In October 2024, Vocus Group proposed the $5.25 billion acquisition of TPG Telecom’s EGW fixed business and fibre assets, including PIPE Networks. The sale was finalised on 31 July 2025.

==Peering exchanges==
PIPE currently runs six metropolitan exchange networks.

| City | First opened | Number of sites |
|---|---|---|
| Brisbane | May 2002 | 4 |
| Sydney | January 2003 | 6 |
| Adelaide | January 2003 | 2 |
| Melbourne | July 2003 | 4 |
| Hobart | August 2003 | 2 |
| Canberra | June 2004 | 1 |

==PIPE International==
In January 2008, PIPE Networks announced it would be constructing a $200 million international link, known as PPC-1 (Pipe Pacific Cable), from Sydney to Guam. The link connects Madang in Papua New Guinea. It is operated by a newly formed PIPE subsidiary, PIPE International.

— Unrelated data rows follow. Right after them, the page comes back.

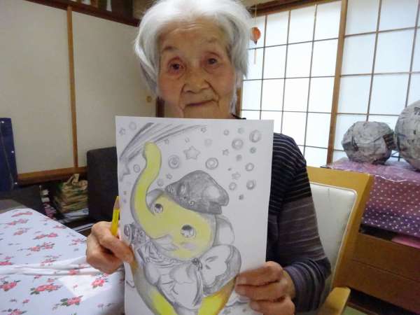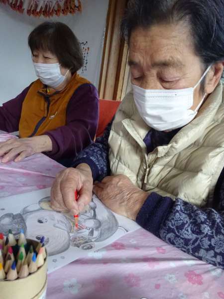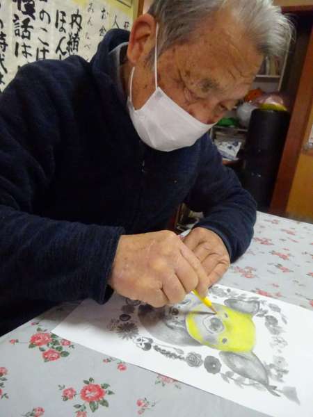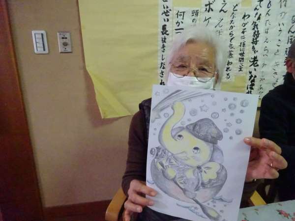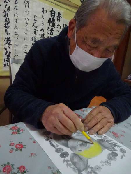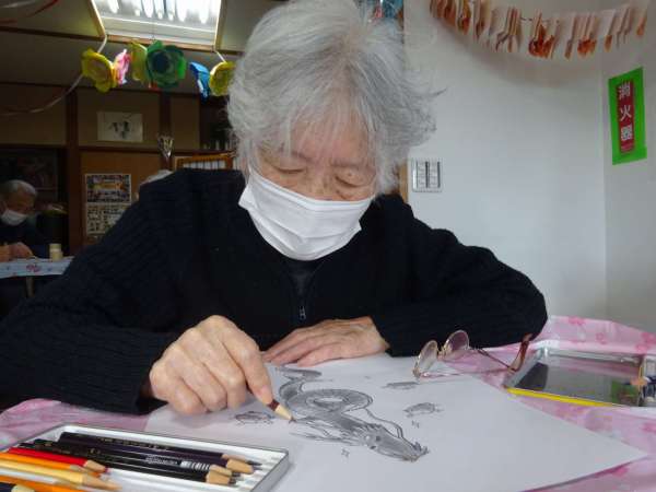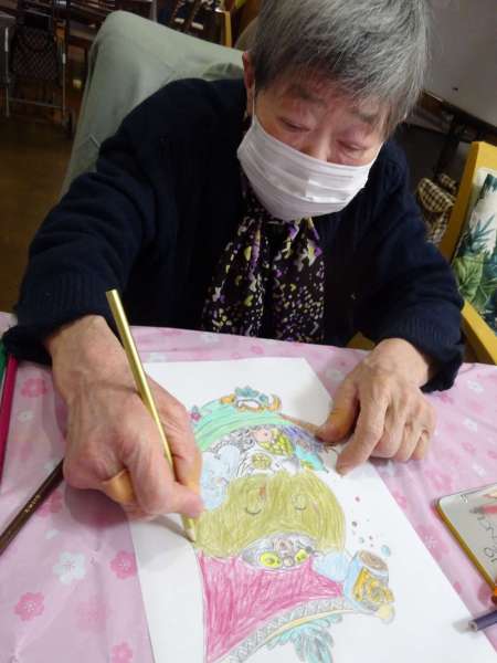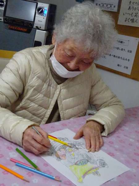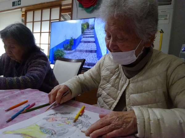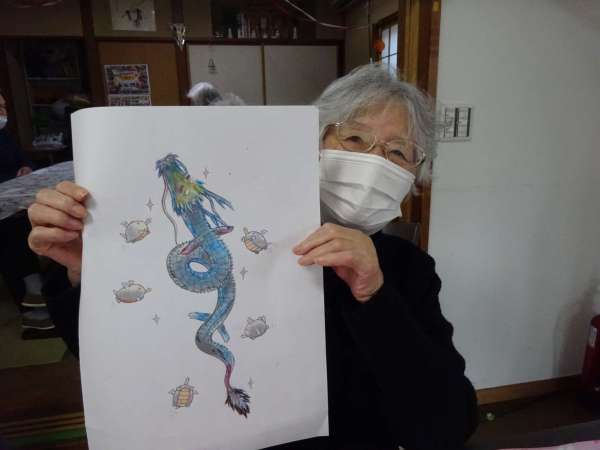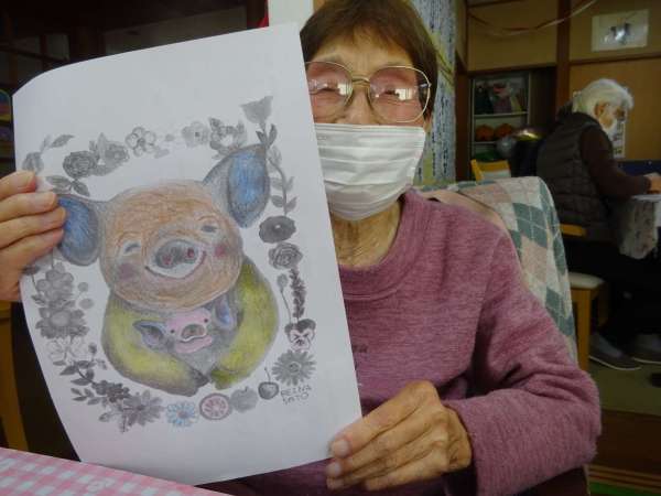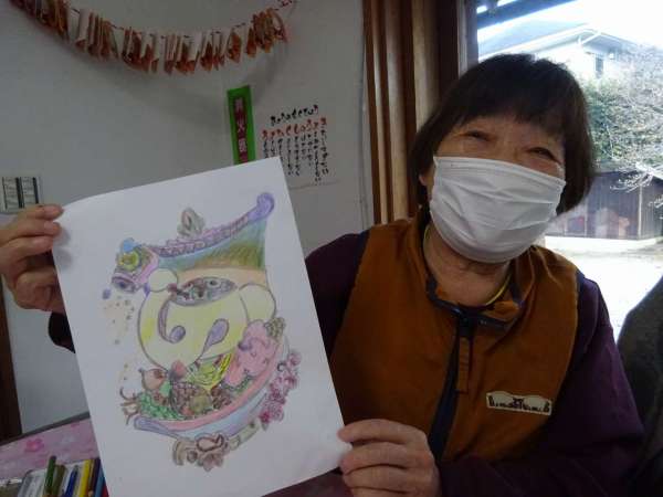 縁起の良い「塗り絵」楽しんでいただきました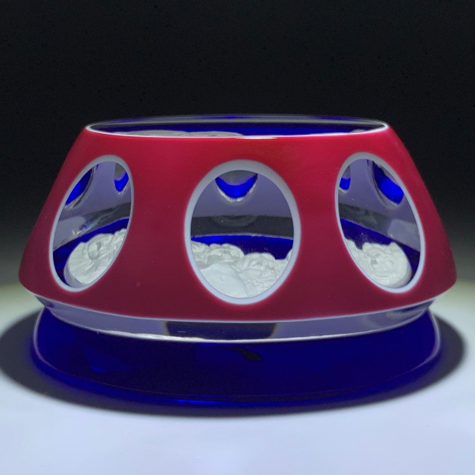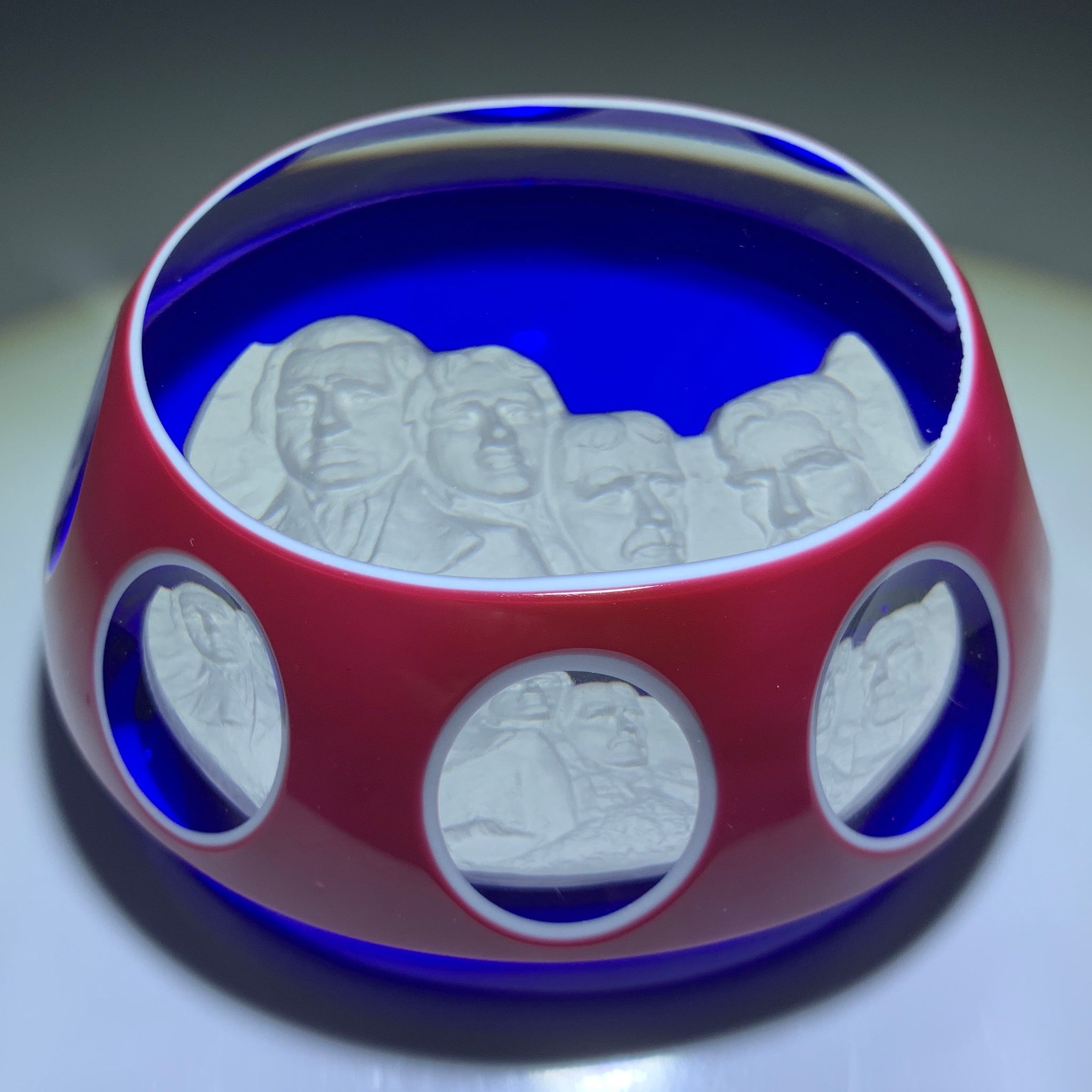 Made for the American bicentennial, this remains to be one of the most sought after (and large) modern production sulphide paperweights. It is executed in a ovoid shape with a detailed sulphide of Mount Rushmore set over a transparent blue ground, encapsulated in a faceted red over white double overlay.  Produced with a planned production run of 1000 pieces, only 789 were made.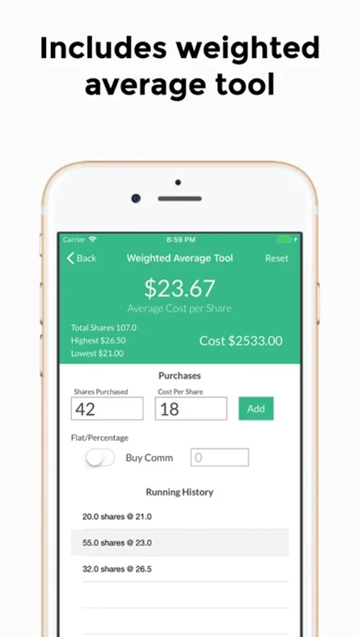Now includes a weighted average calculator! Just enter all of the purchase prices for the shares that you bought, and you'll get the average weighted cost per share, along with running history, highest paid, lowest paid, and overall cost - including any purchase fees.

In April 2008, PIPE Networks entered into a joint venture with New Zealand-based Kordia to build an undersea fibre optic cable between New Zealand and Australia. This cable was to be known as PPC-2. As of 2024, this link has yet to appear.

==Takeover offer==

In March 2010, shareholders voted to accept a $373 million takeover offer by TPG Telecom Ltd. for $6.30 per share (TPG Annual Report 2010, p48). The takeover was subject to approval by the Queensland Supreme Court. Shares of TPG rose 11 per cent after the news was released.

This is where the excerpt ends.